WHAT YOU WILL DO>
Set down the data below in full and exactly, minus the pictures.

___ RECORDS PROVIDED ___

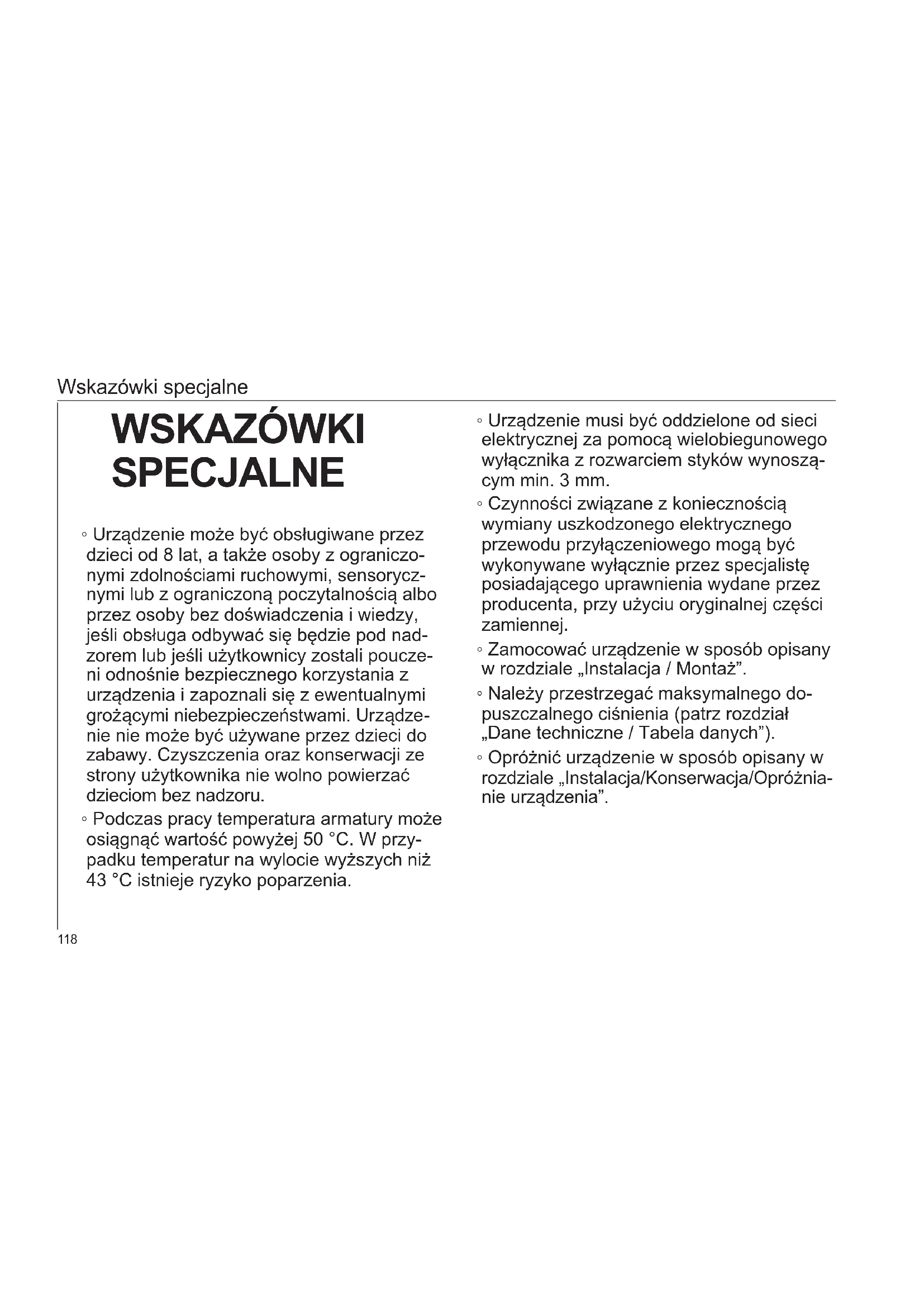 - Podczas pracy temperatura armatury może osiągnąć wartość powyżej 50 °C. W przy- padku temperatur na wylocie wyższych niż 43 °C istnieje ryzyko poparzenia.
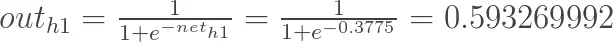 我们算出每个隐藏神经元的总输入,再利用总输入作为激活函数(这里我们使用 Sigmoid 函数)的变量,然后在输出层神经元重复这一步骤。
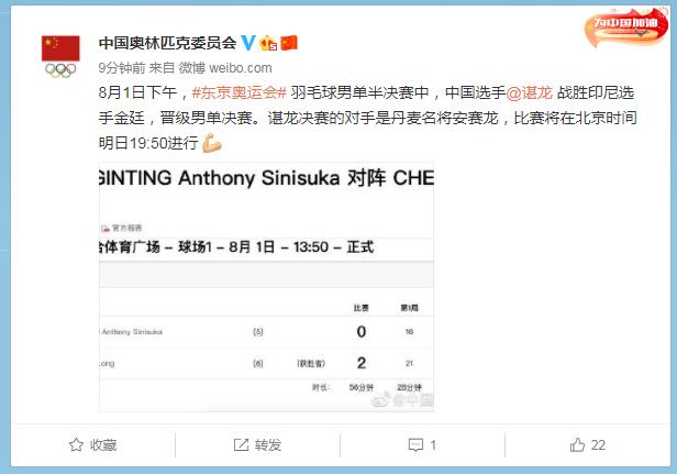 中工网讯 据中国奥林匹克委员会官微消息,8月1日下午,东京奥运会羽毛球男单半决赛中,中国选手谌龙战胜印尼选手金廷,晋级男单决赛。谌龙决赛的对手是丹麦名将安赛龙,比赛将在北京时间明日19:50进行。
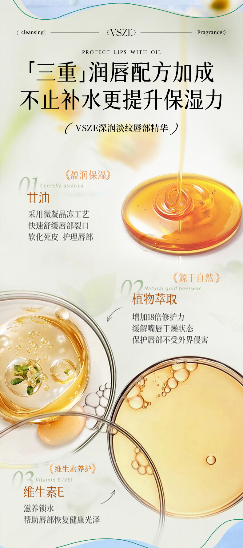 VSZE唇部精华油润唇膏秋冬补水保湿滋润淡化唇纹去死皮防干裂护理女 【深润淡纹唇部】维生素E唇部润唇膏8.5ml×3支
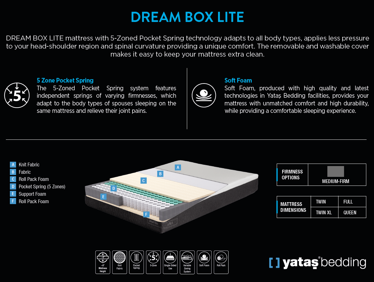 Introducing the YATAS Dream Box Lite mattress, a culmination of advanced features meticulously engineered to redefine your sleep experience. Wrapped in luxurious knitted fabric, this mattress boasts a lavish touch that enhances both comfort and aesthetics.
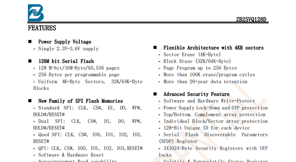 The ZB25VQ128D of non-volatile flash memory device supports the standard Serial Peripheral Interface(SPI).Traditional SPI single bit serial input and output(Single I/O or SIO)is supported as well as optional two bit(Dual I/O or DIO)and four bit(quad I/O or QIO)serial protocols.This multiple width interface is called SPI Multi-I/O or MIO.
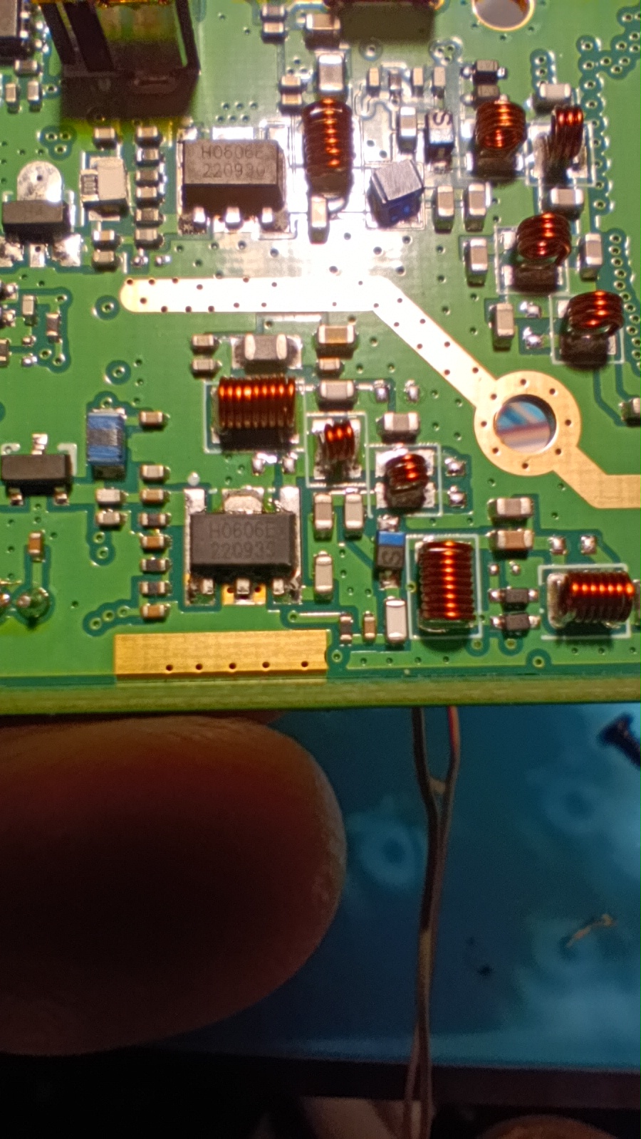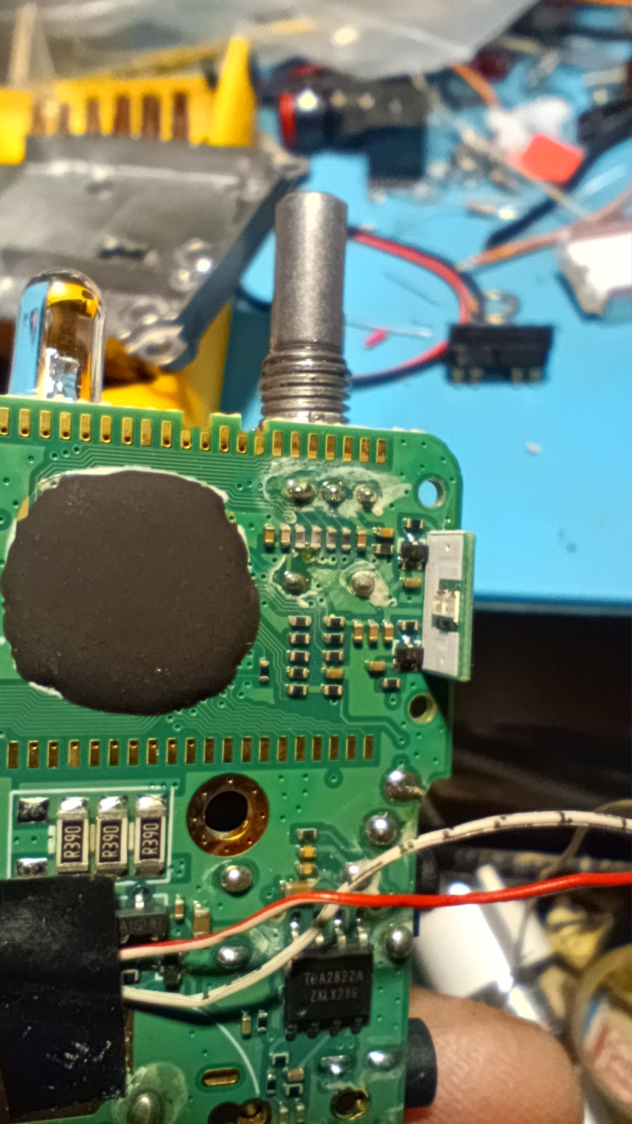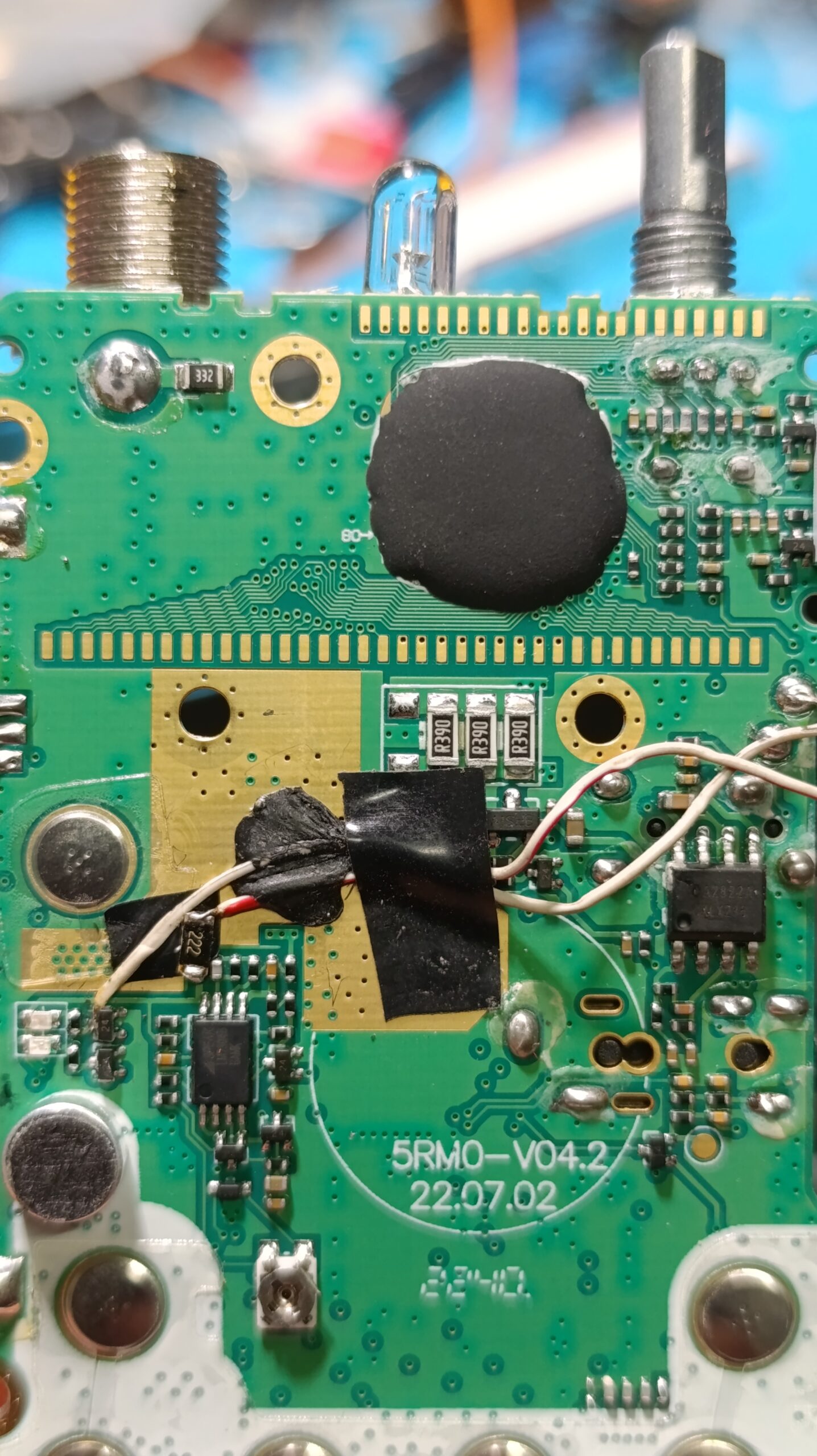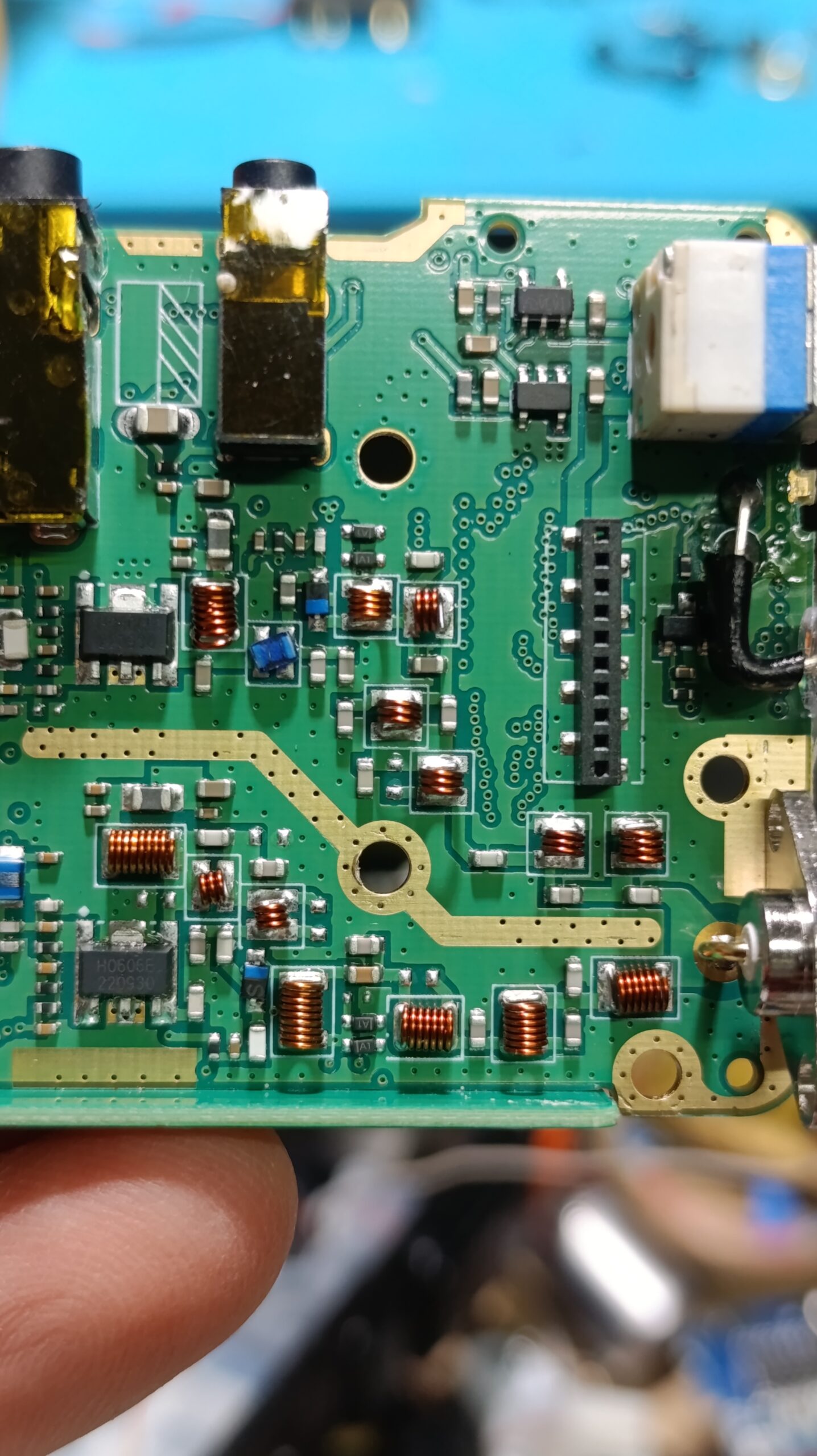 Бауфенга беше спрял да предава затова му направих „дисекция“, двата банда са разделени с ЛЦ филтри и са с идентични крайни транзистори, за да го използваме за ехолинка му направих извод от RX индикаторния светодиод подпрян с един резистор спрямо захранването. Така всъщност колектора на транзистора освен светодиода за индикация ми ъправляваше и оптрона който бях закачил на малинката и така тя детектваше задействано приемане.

___

SOLUTION TO THIS PROBLEM>
 - Podczas pracy temperatura armatury może osiągnąć wartość powyżej 50 °C. W przy- padku temperatur na wylocie wyższych niż 43 °C istnieje ryzyko poparzenia.
 我们算出每个隐藏神经元的总输入,再利用总输入作为激活函数(这里我们使用 Sigmoid 函数)的变量,然后在输出层神经元重复这一步骤。
 中工网讯 据中国奥林匹克委员会官微消息,8月1日下午,东京奥运会羽毛球男单半决赛中,中国选手谌龙战胜印尼选手金廷,晋级男单决赛。谌龙决赛的对手是丹麦名将安赛龙,比赛将在北京时间明日19:50进行。
 VSZE唇部精华油润唇膏秋冬补水保湿滋润淡化唇纹去死皮防干裂护理女 【深润淡纹唇部】维生素E唇部润唇膏8.5ml×3支
 Introducing the YATAS Dream Box Lite mattress, a culmination of advanced features meticulously engineered to redefine your sleep experience. Wrapped in luxurious knitted fabric, this mattress boasts a lavish touch that enhances both comfort and aesthetics.
 The ZB25VQ128D of non-volatile flash memory device supports the standard Serial Peripheral Interface(SPI).Traditional SPI single bit serial input and output(Single I/O or SIO)is supported as well as optional two bit(Dual I/O or DIO)and four bit(quad I/O or QIO)serial protocols.This multiple width interface is called SPI Multi-I/O or MIO.
 Бауфенга беше спрял да предава затова му направих „дисекция“, двата банда са разделени с ЛЦ филтри и са с идентични крайни транзистори, за да го използваме за ехолинка му направих извод от RX индикаторния светодиод подпрян с един резистор спрямо захранването. Така всъщност колектора на транзистора освен светодиода за индикация ми ъправляваше и оптрона който бях закачил на малинката и така тя детектваше задействано приемане.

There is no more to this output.